X = df_num.drop(columns=['RespDisease'])
y = df_num['RespDisease']

#### a. Modelo árvore de decisão

In [None]:
# Hiperparâmetros do árvore de decisão
dt_model_params = {
    'max_depth': [None, 5, 10, 20], 
    'min_samples_split': [2, 5, 10] 
}

# Otimizar hiperparâmetros do DecisionTreeClassifier
grid = GridSearchCV(
    DecisionTreeClassifier(),
    dt_model_params,
    cv=5,                                # 5-fold cross-validation
    scoring='neg_mean_absolute_error',
    n_jobs=-1
)

# Ajustar (treinar) o modelo com os dados
grid.fit(X, y)

# Obter os melhores parâmetros e a melhor pontuação
dt_best_params = grid.best_params_
dt_best_score = -grid.best_score_.round(2)
print(f"Best Decision Tree Parameters: {dt_best_params}")
print(f"Best Score: {dt_best_score}")

# Treinar o modelo com os melhores parâmetros
dt_model = DecisionTreeClassifier(**dt_best_params)

# Avaliar desempenho do modelo 
scores = cross_validate(dt_model, X, y, cv=5, scoring=scoring, n_jobs=-1)

# Calcular as métricas de avaliação
dt_metrics = {}
for metric in scoring.keys():
    dt_metrics[metric] = (
        np.mean(scores[f'test_{metric}']), 
        np.std(scores[f'test_{metric}'])
    )

# Exibir as métricas de avaliação do modelo
print("Decision Tree Evaluation:")
for metric, (mean, std) in dt_metrics.items():
    print(f"{metric}: Mean = {mean:.3f}, Std = {std:.3f}")

# Guarda o modelo 
decision_tree = dt_model

Best Decision Tree Parameters: {'max_depth': 10, 'min_samples_split': 10}
Best Score: 0.22
Decision Tree Evaluation:
Accuracy: Mean = 0.782, Std = 0.024
Sensitivity: Mean = 0.511, Std = 0.049
Specificity: Mean = 0.949, Std = 0.035
F1: Mean = 0.640, Std = 0.042


#### b. Modelo rede neuronal

In [None]:
nn_model = make_pipeline(StandardScaler(), MLPClassifier(max_iter=4000))

# Hiperparâmetros do modelo de rede neural
nn_model_params = {
    'mlpclassifier__hidden_layer_sizes': [(50,), (100,), (50, 50)],
    'mlpclassifier__learning_rate_init': [0.001, 0.01]
}

# Otimizar hiperparâmetros do MLPClassifier
grid = GridSearchCV(nn_model, nn_model_params, cv=5, scoring='neg_mean_absolute_error', n_jobs=-1)

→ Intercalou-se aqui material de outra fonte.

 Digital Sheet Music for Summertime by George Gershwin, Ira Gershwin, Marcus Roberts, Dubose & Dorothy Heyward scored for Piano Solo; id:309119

# Ajustar (treinar) o modelo com os dados
grid.fit(X, y)

# Obter os melhores parâmetros e a melhor pontuação
nn_best_params = grid.best_params_
nn_best_score = -grid.best_score_.round(2)
print(f"Best Neural Network Parameters: {nn_best_params}")
print(f"Best Score: {dt_best_score}")

# Treinar o modelo com os melhores parâmetros
nn_model.set_params(**nn_best_params)

# Avaliar desempenho do modelo 
scores = cross_validate(nn_model, X, y, cv=5, scoring=scoring, n_jobs=-1)

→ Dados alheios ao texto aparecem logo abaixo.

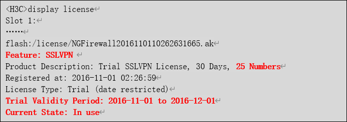Comware V7防火墙在未安装SSLVPN license时,仅可以使用15个用户,如果想扩充用户数,则需要购买license。因此,需要首先查看设备是否已安装SSLVPN license以及license是否有效。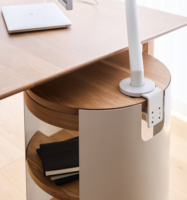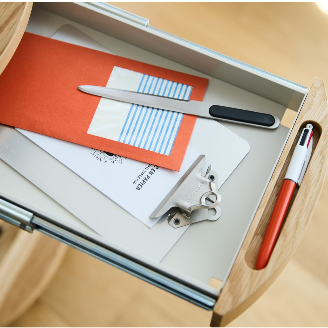 WAAKwagon COLUMNの天板下に取り付けられた浅い引き出しは、そんな紙類をサッとしまえます。前板に小さなペントレイも付いているので、サインが必要なときにも便利です。

# Calcular as métricas de avaliação
nn_metrics = {}
for metric in scoring.keys():
    nn_metrics[metric] = (np.mean(scores[f'test_{metric}']), np.std(scores[f'test_{metric}']))

# Exibir as métricas de avaliação do modelo
print("Neural Network Evaluation:")
for metric, (mean, std) in nn_metrics.items():
    print(f"{metric}: Mean = {mean:.3f}, Std = {std:.3f}")

neural_network = nn_model

Best Neural Network Parameters: {'mlpclassifier__hidden_layer_sizes': (50, 50), 'mlpclassifier__learning_rate_init': 0.01}
Best Score: 0.22
Neural Network Evaluation:
Accuracy: Mean = 0.757, Std = 0.018
Sensitivity: Mean = 0.456, Std = 0.098
Specificity: Mean = 0.942, Std = 0.038
F1: Mean = 0.581, Std = 0.068


#### c. Modelo SVM

In [None]:
svm_model = make_pipeline(StandardScaler(), SVC())

# Hiperparâmetros do modelo SVM
svm_model_params = {
    'svc__kernel': ['linear', 'rbf'],
}

# Otimizar hiperparâmetros do SVM
grid = GridSearchCV(svm_model, svm_model_params, cv=5, scoring='neg_mean_absolute_error', n_jobs=-1)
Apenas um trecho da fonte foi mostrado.